The data Block Start
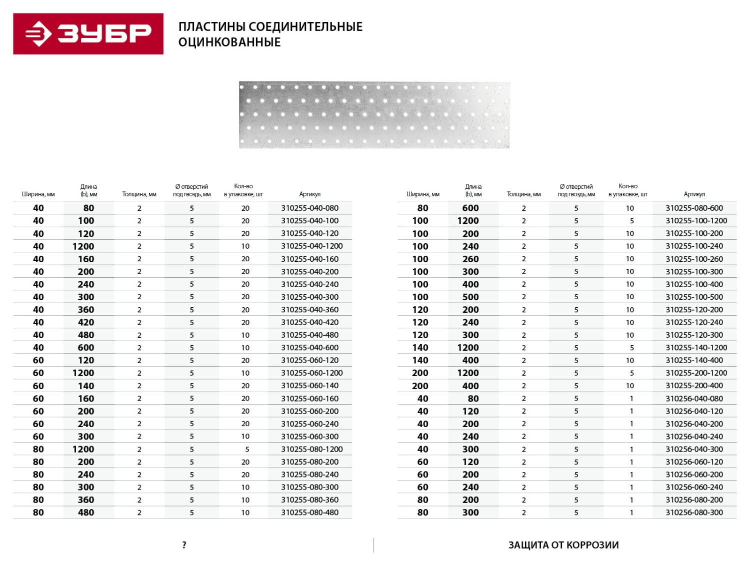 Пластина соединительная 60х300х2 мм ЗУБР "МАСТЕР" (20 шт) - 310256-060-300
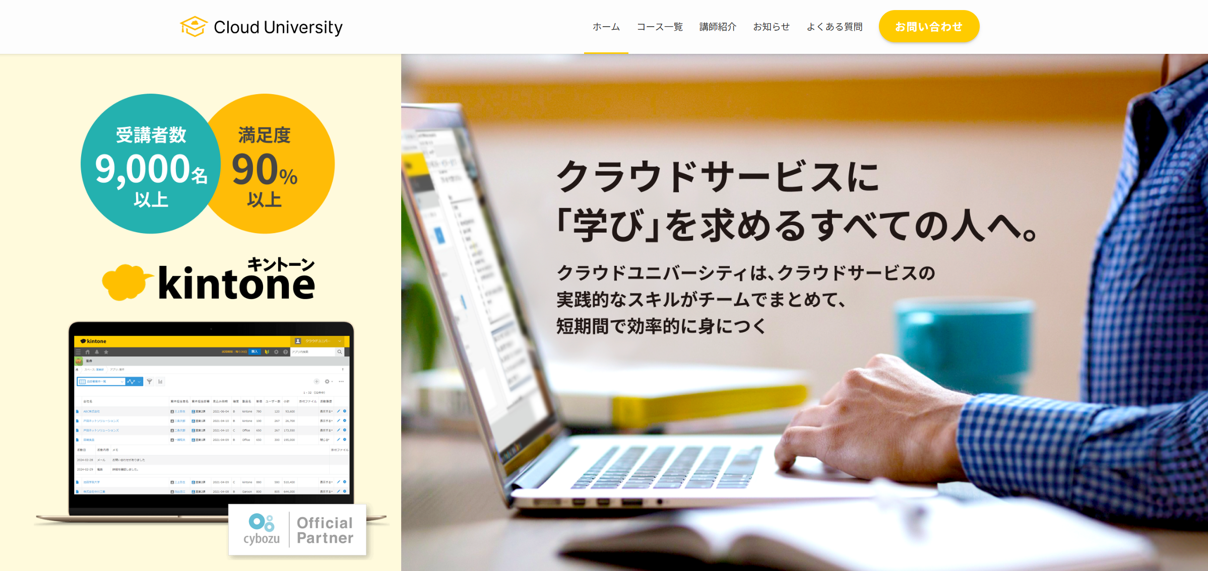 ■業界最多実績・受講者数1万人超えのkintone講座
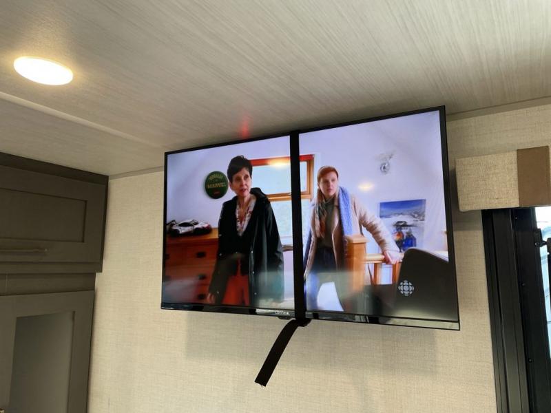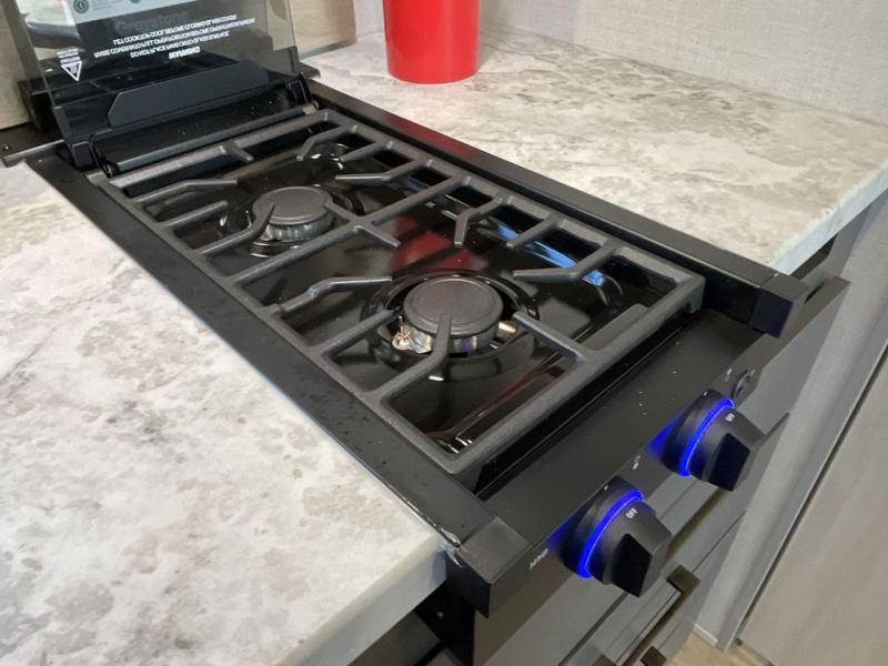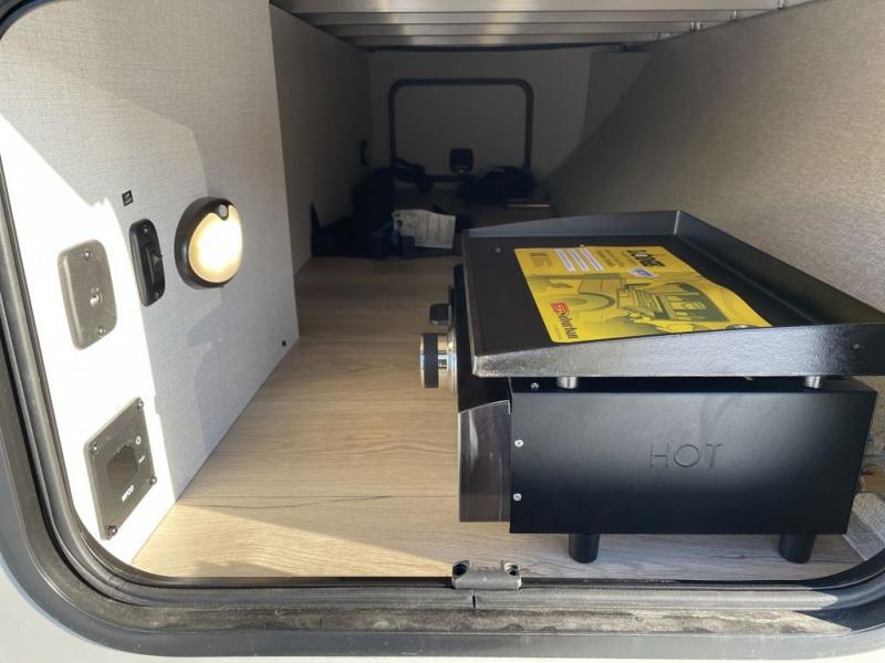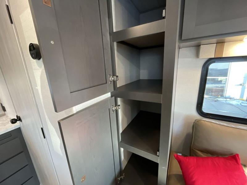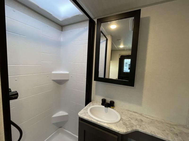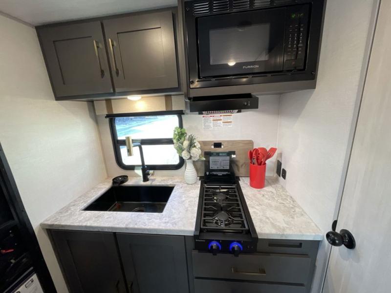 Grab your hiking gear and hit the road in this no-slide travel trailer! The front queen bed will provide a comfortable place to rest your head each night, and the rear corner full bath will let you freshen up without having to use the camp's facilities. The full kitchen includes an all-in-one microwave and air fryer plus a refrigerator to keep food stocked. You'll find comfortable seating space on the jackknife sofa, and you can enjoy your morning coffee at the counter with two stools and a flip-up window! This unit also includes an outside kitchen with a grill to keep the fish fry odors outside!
The data Block End
Problem to solve: Down to the last line, print the material exactly, but not its pictures.

Task output:
 Пластина соединительная 60х300х2 мм ЗУБР "МАСТЕР" (20 шт) - 310256-060-300
 ■業界最多実績・受講者数1万人超えのkintone講座
 Grab your hiking gear and hit the road in this no-slide travel trailer! The front queen bed will provide a comfortable place to rest your head each night, and the rear corner full bath will let you freshen up without having to use the camp's facilities. The full kitchen includes an all-in-one microwave and air fryer plus a refrigerator to keep food stocked. You'll find comfortable seating space on the jackknife sofa, and you can enjoy your morning coffee at the counter with two stools and a flip-up window! This unit also includes an outside kitchen with a grill to keep the fish fry odors outside!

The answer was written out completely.